The articulation was the truly unique feature with the Gama Goat. It was developed by engineer Roger Gamout, and the vehicle's name references his, with the “goat” being a nod to the vehicle's rugged functionality. The design was also partially amphibious to facilitate passing over rivers and streams. In humid jungle conditions, vehicles that could not handle deposits of water would have difficulty navigating.
Like other vehicles designed for off-road use, the Gama Goat is slow and the steering can be clunky, especially for a driver who is not familiar with the vehicle. These vehicles handle poorly on pavement and are not really suitable for use in settings where they will spend a lot of time on tarmacs or roads. The powerful engines are also very noisy. Operators in Vietnam had to wear hearing protection while driving, and the vehicles were not known for stealth.

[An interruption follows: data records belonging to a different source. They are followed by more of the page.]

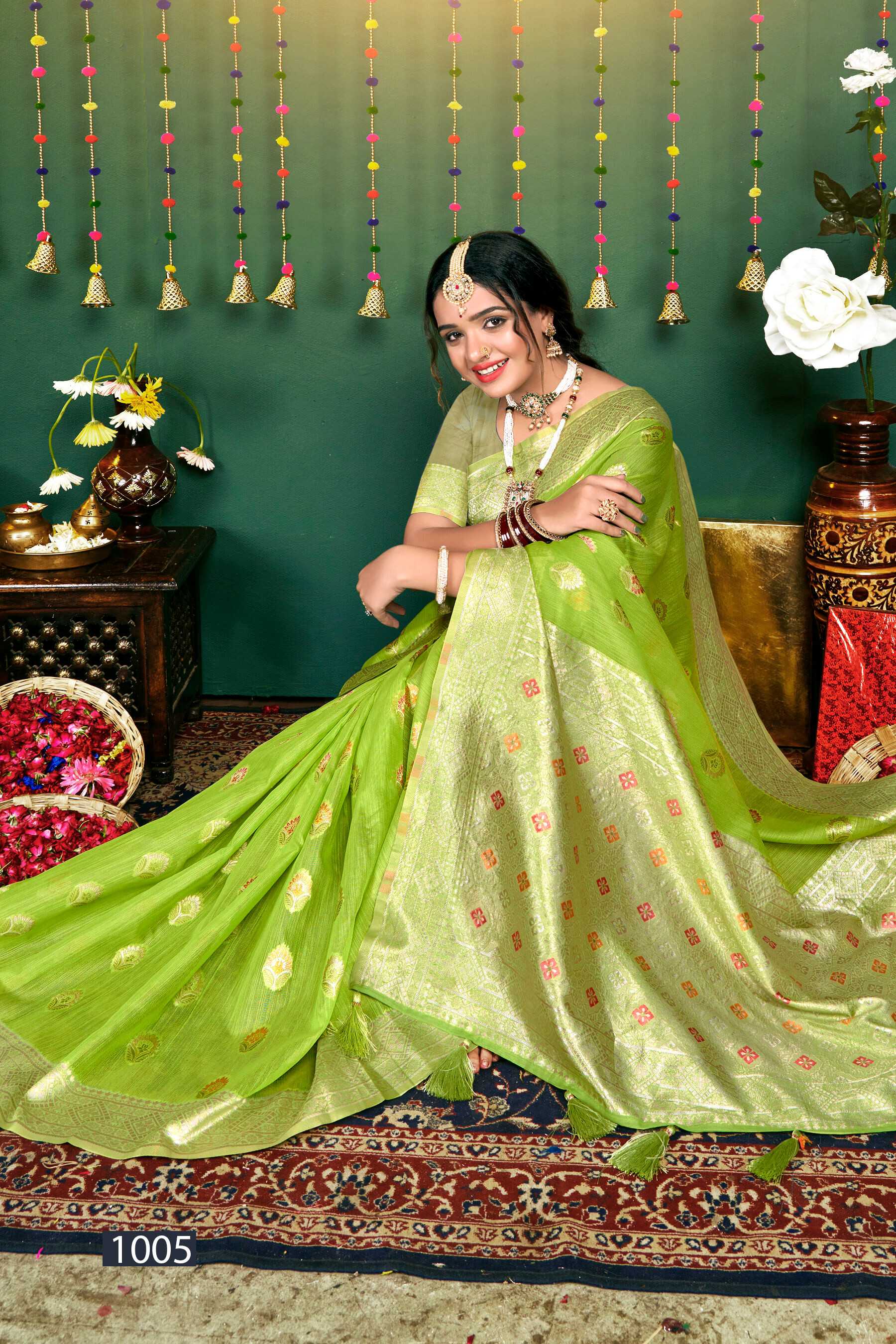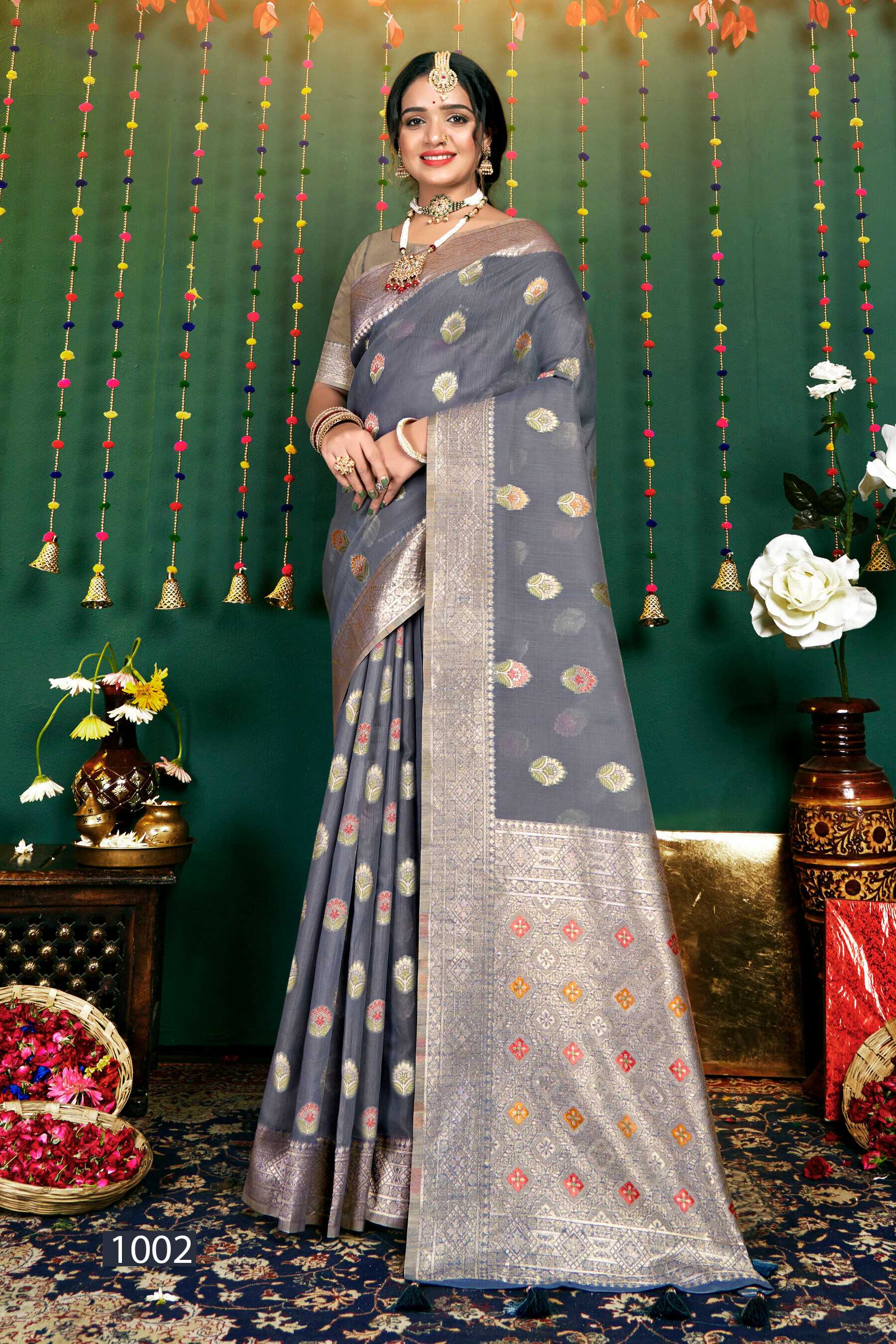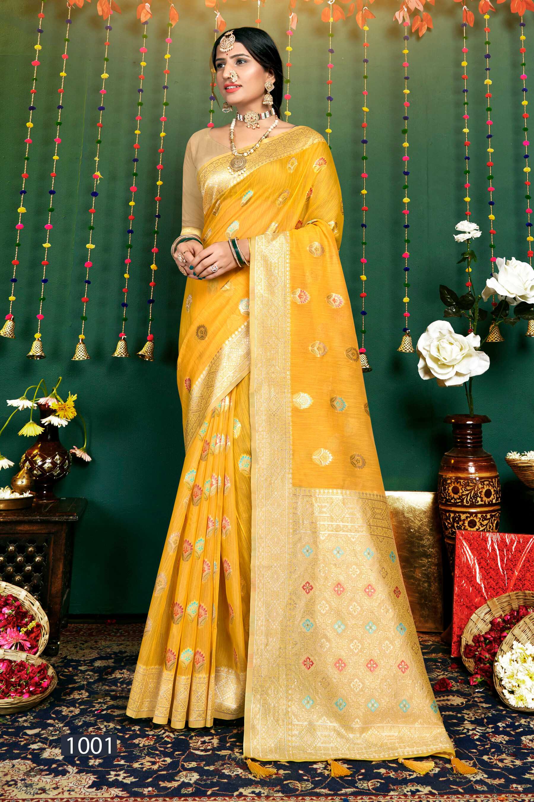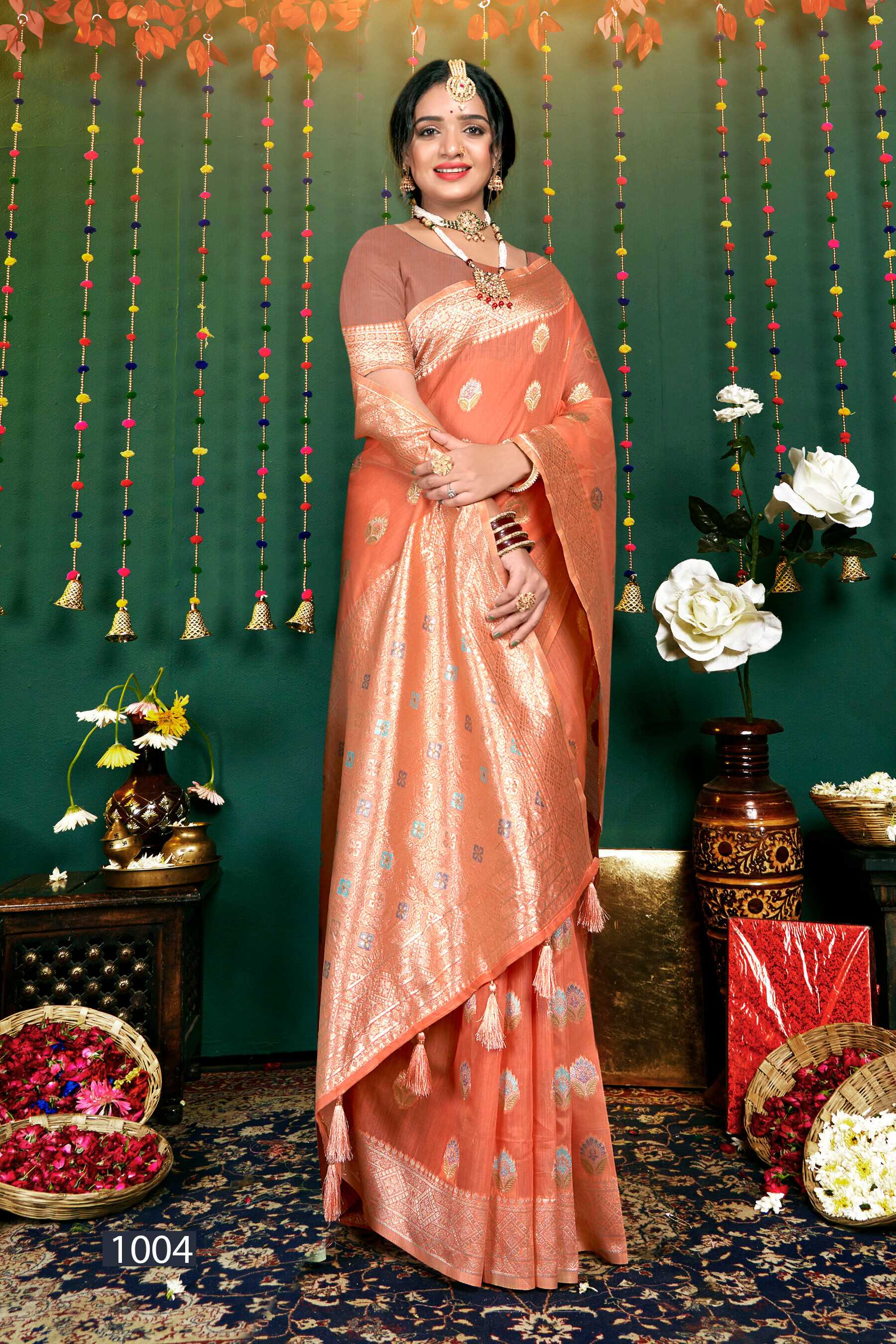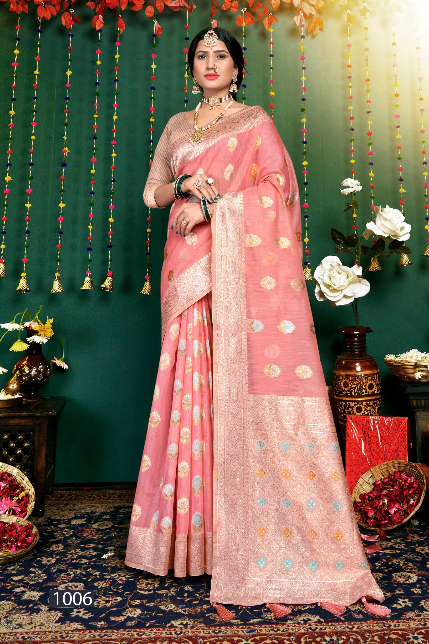Saroj Saree HULCHUL LINEN VOL.2 Heavy Pure Slub Linen Fabric with Fancy Meena Designs Saree Rate-₹695/- |
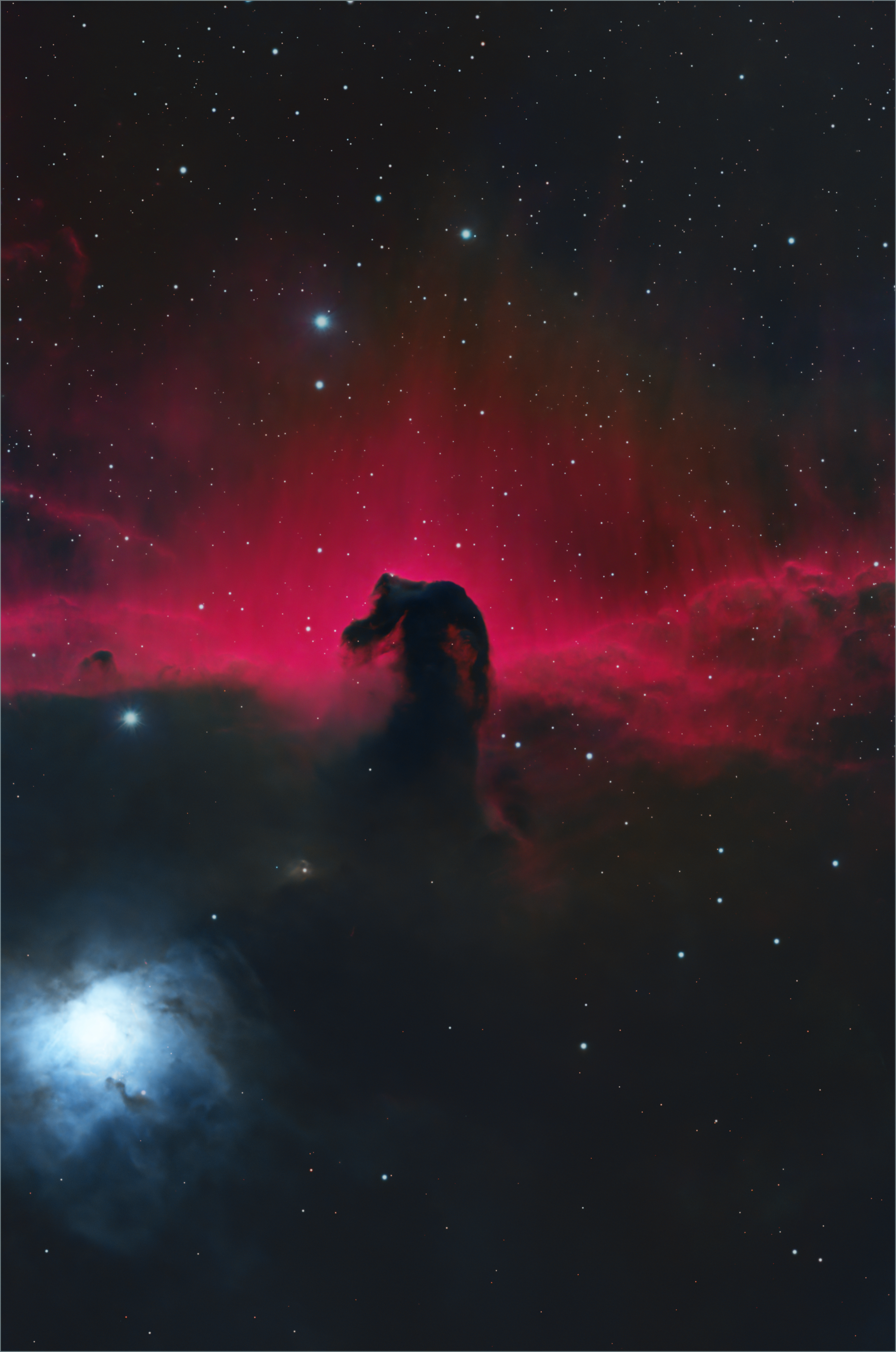 Barnard 33 und IC 434 mit der ASI2600MM am C11 Edge mit Reducer f/7 1960mm Brennweite. 46 x 300 s H-alpha; 40 x 300 s OIII und 42 x 300 s SII...und 30 x 60 s RGB kombiniert als HOS und RGB.
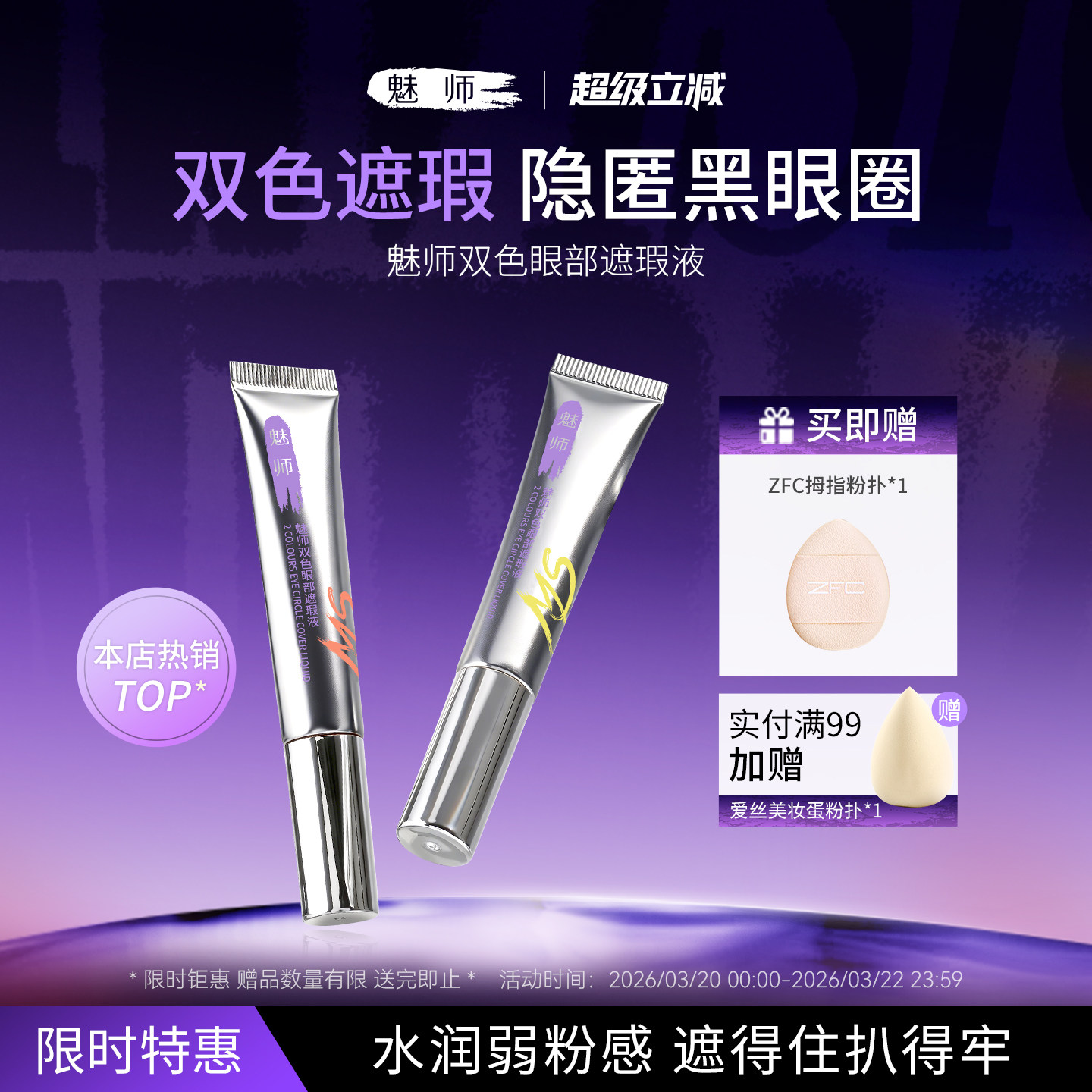 zfc魅师双色遮瑕膏眼部遮盖痘印泪沟黑眼圈提亮遮瑕液转液小样
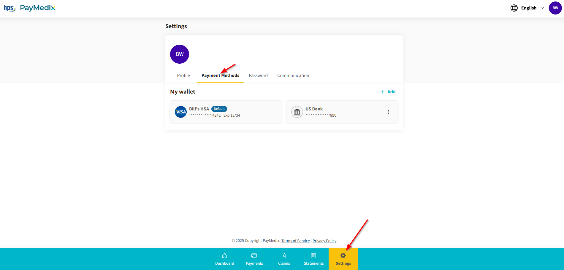 - Click on the "Settings" tab on the navigation bar at he bottom of the screen and then click on the "Payment Methods" tab.
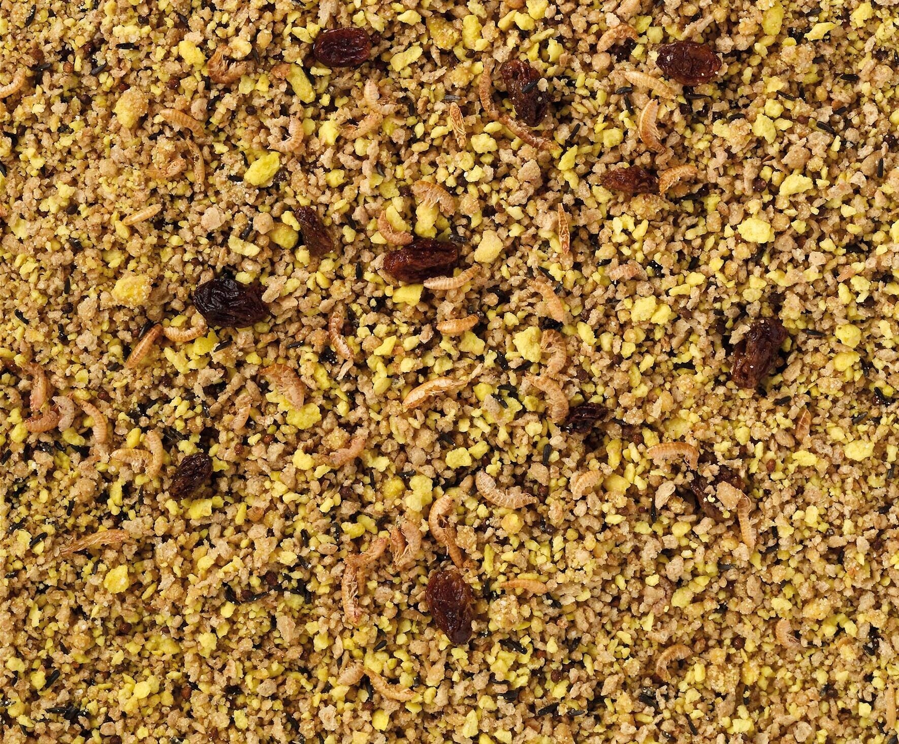 - La pâtée est enrichie de crevettes et de gammares séchés, raisins, baies de sorbier et un mix de légumes.
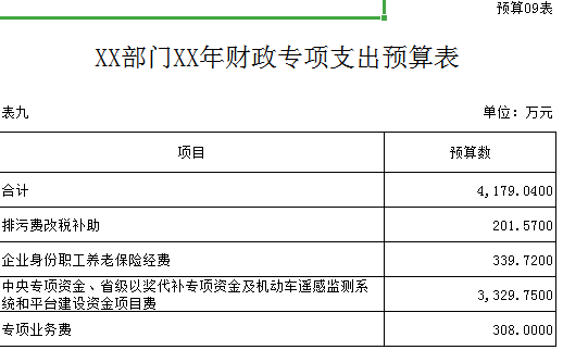 九、財政專項支出預(yù)算表

Collectors with an interest in the Gama Goat can sometimes find listings for sale. Sale vehicles can vary in condition from meticulously maintained trucks to Gama Goats with substantial damage that may require extensive repairs. They can also be difficult to transport without a flatbed truck, unless the sale vehicle happens to be close to the collector's home or garage. As with other vehicle purchases, it is advisable to carefully inspect the vehicle and any maintenance records to assess the condition and determine how much work it will need to be safe and serviceable. Parts can be difficult to obtain unless collectors have access to a yard, and this is another consideration to think about before buying a Gama Goat.